The reports are coming in – and they bring fresh challenges for the Ardern Govt

Finance   Minister   Grant  Robertson  has had a  good run this  year, with the  economy performing  well  and the  government’s books   in excellent  shape.

Despite   ministers  splashing  out  cash  in  every direction, the half-year  economic and   fiscal  update  (out this week)   may even  offer   the Finance  Minister  scope  for a  bit  more  spending  in  the years  ahead, without  endangering   his  self-imposed   goal of   sustainable surpluses .

But  a shadow may be  beginning  to emerge  from this  apparently  cloudless  sky.  It  lies  in  the  reports   from  all  those reviews  the  government   called  for   in  its  first  months  of  office.

Two   of them   have  already  landed    with a  political  thud   and  there could  be  even greater  reverberations   when Sir  Michael Cullen hands in  the Tax  Working  Group’s  recommendations on  how to implement a  capital  gains  tax — a  report  which may not be  unanimous  but  will have  Sir  Michaels’ carefully calibrated  political fingerprints  all over it.
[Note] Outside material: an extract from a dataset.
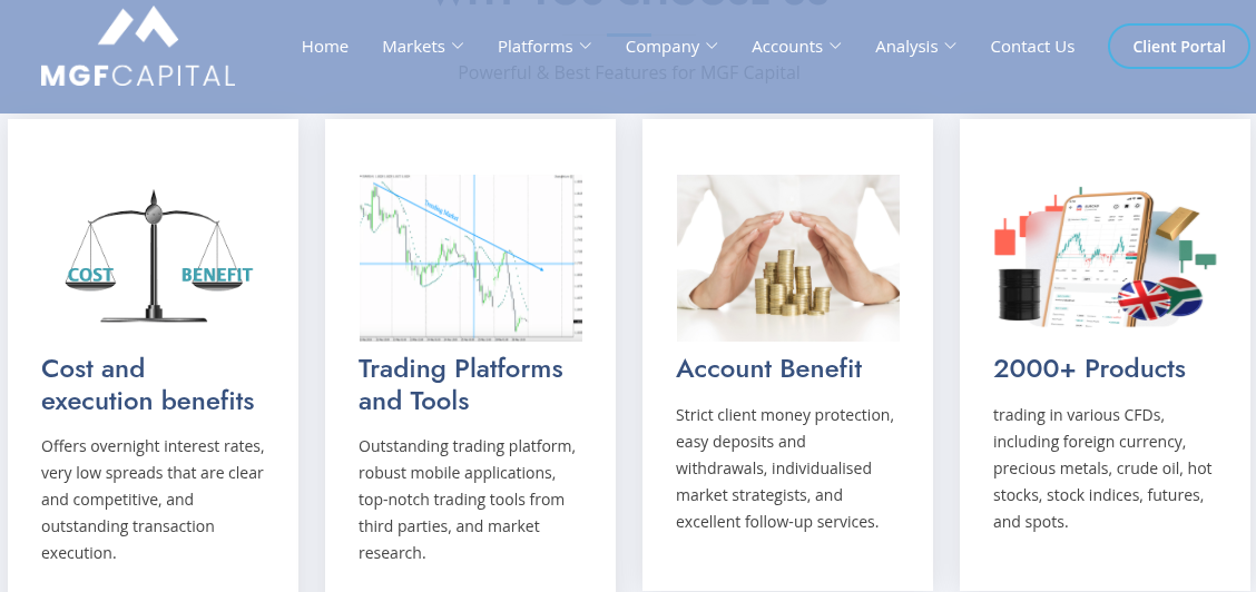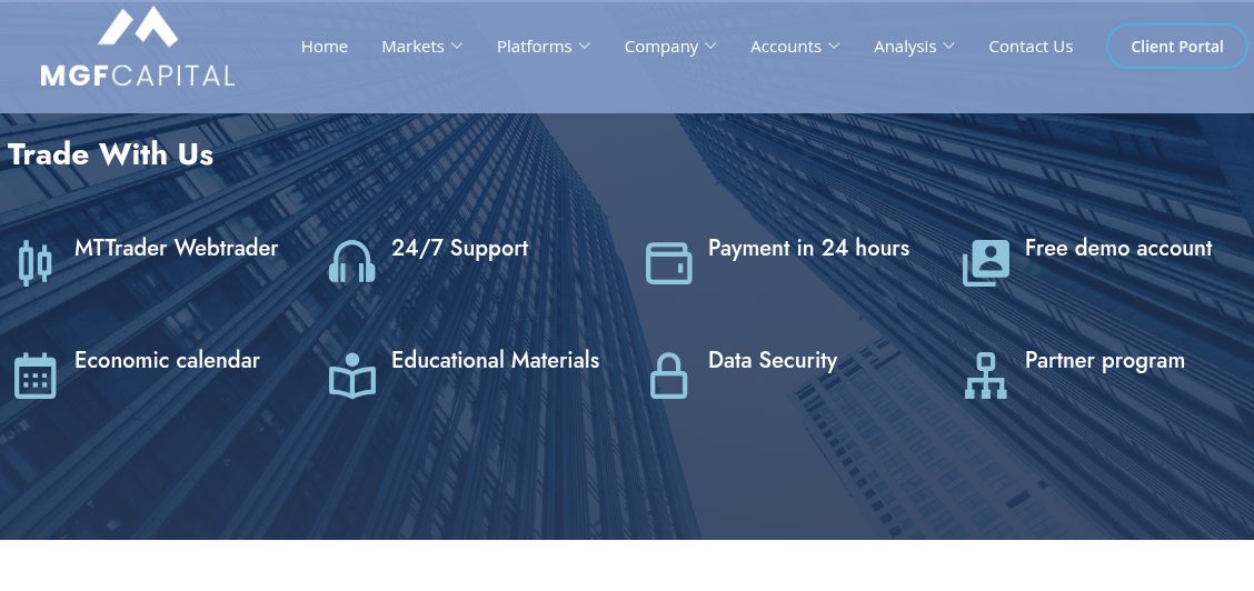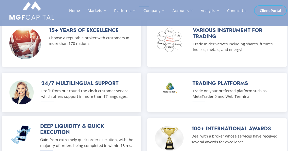 В последнем блоке преимуществ MGF Capital com команда уделила внимание общим аспектам деятельности финансовой компании. В этой части создатели первым делом отметили опытность в более 15 лет и деятельность в более 170 странах. Для диверсификации пользователи могут использовать разные инструменты, как контракты CFD, так и фьючерсы или опционы.

What  seemed  like   relatively   simple  tasks   for  the various review  panels and working  groups  may   land  the  government   with  the   kind  of  political  headache  none of the ministers  could have  foreseen.
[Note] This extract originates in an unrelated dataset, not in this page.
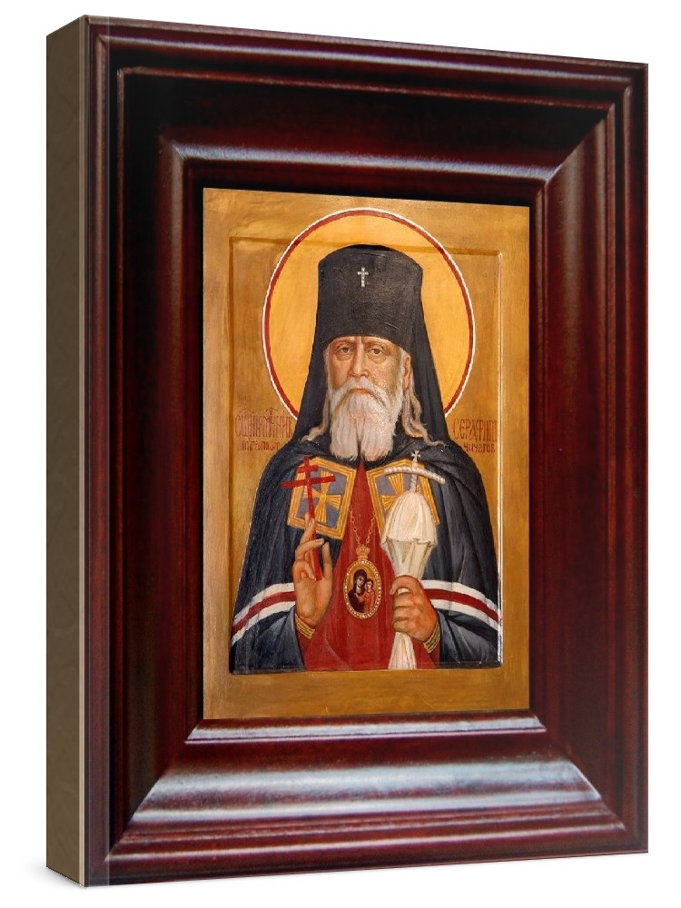 Икона серафим чичагов (21х24), простой киот. Икона выполняется на заказ. Срок изготовления - 2-5 дней. Лик нанесен методом шелкографии на цельную липовую доску, покрытую левкасом (специальным грунтом под живопись). Использованы минеральные (природные) краски. Размер иконы без киота (см): 13х16, с киотом: 21х24. Киот (рамка) выполнен из березы. Икона освящена.

Remember   the   “crisis”  in  mental  health,  which  Labour  said  the previous   government  had  created  by its  nine years of  “neglect”  of the  health services?

Well, it   turns  out  the  government   will  let  the  “crisis”  run a  little longer.

After   making  mental health  an election issue,  it will be  half-way through the parliamentary  term  before it is ready even to   give a  few signals   on how  it plans to  deal with the “crisis”.

The heavily  stretched mental  health services   which have been   looking for  some urgent  relief  or  reinforcement  will  just have to carry  on, as  they   have been   during  those  nine years  of  neglect.  Health  Minister   David Clark  could  find himself  with a  battle  on his hands to line up  his reform proposals  in time  to   get   new spending  commitments   written  into   next year’s  budget.

Even  though the  taskforce  handed  in  its conclusions  at the end of  November,  the  minister  says  the full report won’t be  released until the end of the year.

Not  surprisingly  the  Opposition  says that in the time that the inquiry has been running, the government could have made meaningful changes by increasing access to services for people in need.

If  formulating a  reformative  policy  for  mental health services  and implementing  it  is  likely to  prove a challenge   for the   government,  it   faces  a similar challenge – perhaps a sharper one – in the education  field.

There  the  government is  confronted  with a call   for  such  radical   changes  that   it  could  create a  backlash  from parents.   In effect,  the  education  reform proposed  would  turn the  clock back  on  Tomorrow’s Schools, the programme implemented  under  David Lange’s  stewardship.

The  panel  headed by  Bali  Haque recommends the creation of a network of Crown agencies to oversee the work of groups of schools and take back many of the  responsibilities  of schools’ boards of trustees.

The report said the organisations would be called Education Hubs, would be run by a government-appointed director and would take over responsibility for schools’ property, funding and student achievement and hire schools’ principals in consultation with their boards.

The big reform of   Labour under Lange was to remove schools from the direct control of the education bureaucracy and allow parents to govern the schools their children attend.

National  says  it  has “serious concerns” about the creation of the 20 new Crown entities, which would transfer more responsibilities from parents to bureaucrats. It says it will  fight to ensure parents continue to have a strong role in the education of their children.

While the report is short on detail on how the hubs would work, it’s clear they would see a major reduction in the power and duties of Boards of Trustees and parents in the education system, including taking responsibility for expulsions and exclusions, final decision making rights on enrolments and zoning, and the employment of principals.

Around 19,000 parents and trustees who currently sit on boards could be relegated to the role of advisors with little ability to influence the education of children.

The  problem   for Labour  with  this  report    is  that  it will not only   invite a  battle   with  parents   who  really care  about the education of their children,  but  also  potentially  with  its  coalition partner, NZ  First.

Still, a contest  Education Minister Chris Hipkins versus  Winston Peters will be worth watching.